Когда санитары несут меня на носилках по коридору, навстречу попадается Елизавета Архиповна. Она уже не предлагает работать дневальным, но каждый раз, останавливаясь, спрашивает, что со мной на этот раз, и грустно повторяет:
– Зачем вы так…
В сусуманской райбольнице, построенной заключенными в 30-х годах человек на триста, работало несколько вольнонаемных врачей, остальные врачи – заключенные. А люди среди них встречались интересные.
Мне запомнился Михал Михалыч, родом из Армении, в свое время знаменитый московский хирург. Говорят, он работал в Кремле и лечил вождей. Его посадили в 1937 году. Он обращался к другим заключенным исключительно на «вы» и никогда не повышал голос. Многих врачей заключенные называли, как принято – «лепило», но Михал Михалыч был одним из немногих, кого так назвать не поворачивался язык. Однажды к нему попал наш солагерник из Перспективного с ножом в сердце. У парня не было шансов. Его уже готовились списать и вывозить труп. Он оказался на операционном столе у Михал Михалыча. И остался жив.
С Михал Михалычем связана одна история.
Меня выписывают из райбольницы. У ворот два крытых грузовика, конвой, собаки. В открытую дверь кидаю телогрейку и вскакиваю в кузов. Я недоумеваю, чувствую, что этап какой-то необычный. Спрашиваю: куда везут? Заключенные отвечают: на Широкий или на Ленковый. Меня бросает в жар. Оба этих лагеря – из самых страшных. На Ленковом – беспредельщики, приговорившие меня к смерти. Пытаюсь спрыгнуть на землю, солдат-казах с автоматом преграждает путь. «Подожди…», – отталкиваю я его. «Что – подожди?» – «Я больной!» – «Был больной, лежал в больнице!»

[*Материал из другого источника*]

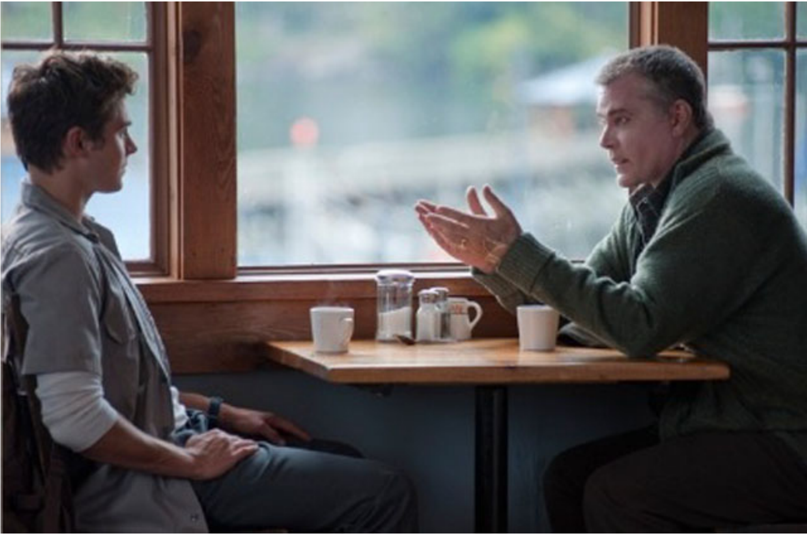
Sage Advice: Zac Efron as Charlie and Ray Liotta as Florio in ‘Charlie St. Cloud’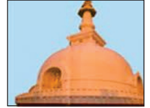
Budha Stupas, Patna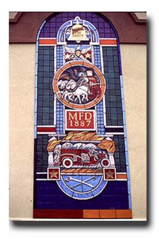
Missoula Fire Station Panel http://www.rudyautio.com/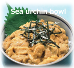
Sea urchin bowl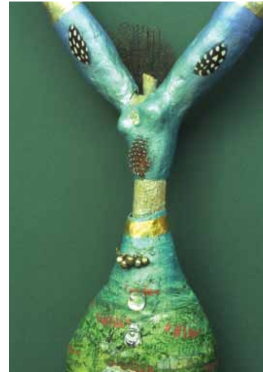
Fauna, detail acrylic and paper clay 28" x 18" 2005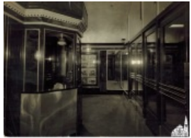
Interior of Strand Theater (1939) (OBJ.O.1996.125)

Blotter [1910s-30s, approx.] (OBJ.O.1996.120)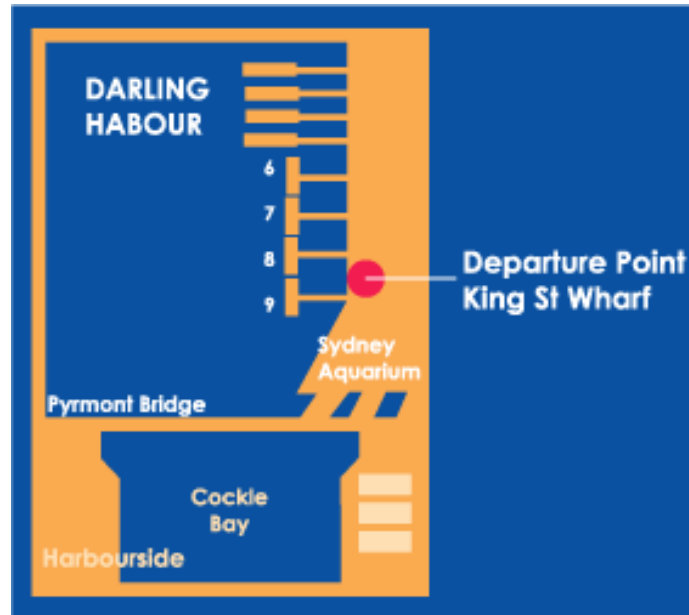
DARLING HARBOUR DEPARTURE POINT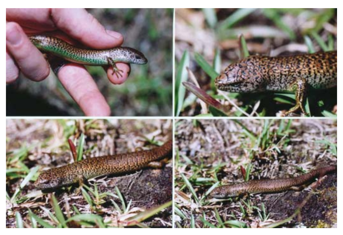
Fig. 3. Celestus orobius from Costa Rica: Provincia de San José: Parque Nacional de Chirripó Grande, 1 800 m.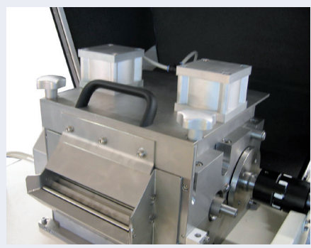
All sizes have two pneumatic cylinders on the upper feed roller for optimum feed action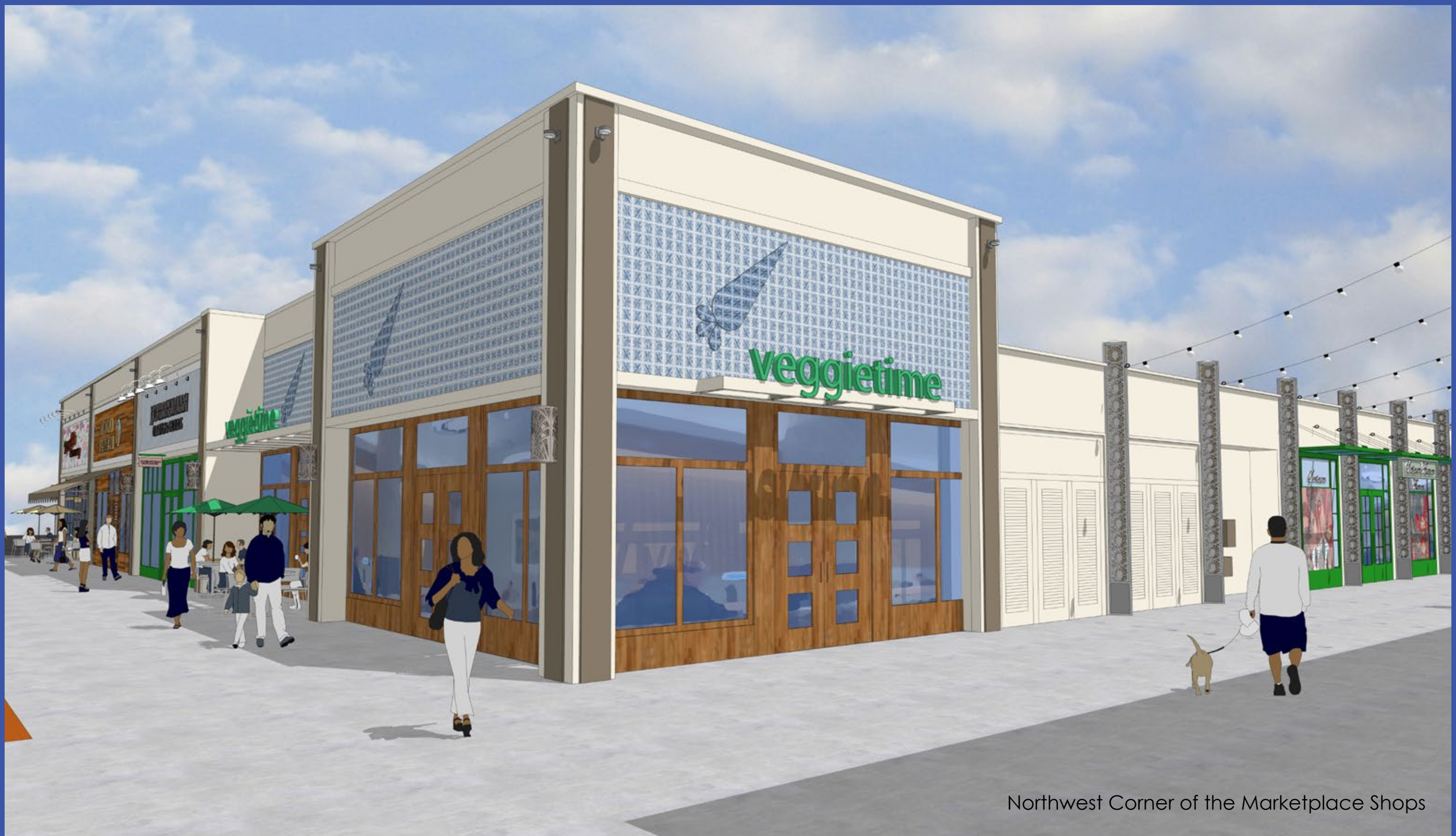
Northwest Corner of the Marketplace Shops

В голове моментально проносится, что меня ждет. Я бью казаха не в челюсть, а пониже – в горло. Он падает на спину, я спрыгиваю. Охрана стреляет в воздух, спускают собаку, но громадная псина, не разобрав, кидается не на меня, а на другого солдата. Наверное, потому, что мы оба в черном – я в телогрейке, а солдат в черном полушубке. Собака ловит солдата за руку, бросается на грудь. Она так мощно валит его с ног, что автомат на ремне крутанулся вокруг шеи. Но вторая собака все-таки хватает мою левую ногу ниже колена. Ноги мои в унтах, мне передал их покойный Миша Константинов, когда мы готовились к побегу, особой боли я не чувствую и бью псу кулаком между ухом и глазом. Пес визжит и отпускает меня. Из помещения высыпают больные, что-то кричат. Не прекращается стрельба. В проходной меня пытаются удержать. Я левой рукой хватаю надзирателя за воротник и так выворачиваю, что у него лопается целлулоидный воротничок. Отталкиваю его и влетаю в больницу, прямо в кабинет главврача Софьи Ивановны Томашевой.
Она когда-то работала в медчасти на Перспективном и знала меня. Не успеваю закрыть за собой дверь, как в кабинет врываются несколько офицеров. Я обращаюсь к Томашевой:
– Я к вам прибыл из одного лагеря, а меня отправляют из больницы в другой – на штрафняк. У вас что, не больница, а пересылка?!
Софья Ивановна недавно получила должность главврача и, вероятно, дорожит ею. Она поворачивается к фельдшеру-эстонцу:
– Сарет, смерьте ему температуру.
Я знаю, фельдшер сидит по 58-й, у него 25 лет. У меня промелькнула надежда, что он скажет, что температура хотя бы немного повышена. Он дает мне градусник. Минут шесть-семь спустя я его возвращаю, не отводя взгляд от Сарета: ну что тебе, парень, стоит сказать «тридцать восемь» или хотя бы «тридцать семь с половиной»? Тебе же ничего не будет. Он не спеша подносит термометр к глазам, долго щурится:
– Нормальная! Софья Ивановна разводит руками.
– Ладно, – говорю я офицерам, – сейчас поедем. Толкаю дверь, но не ту, в которую входил, а другую, в коридор, где находятся палаты.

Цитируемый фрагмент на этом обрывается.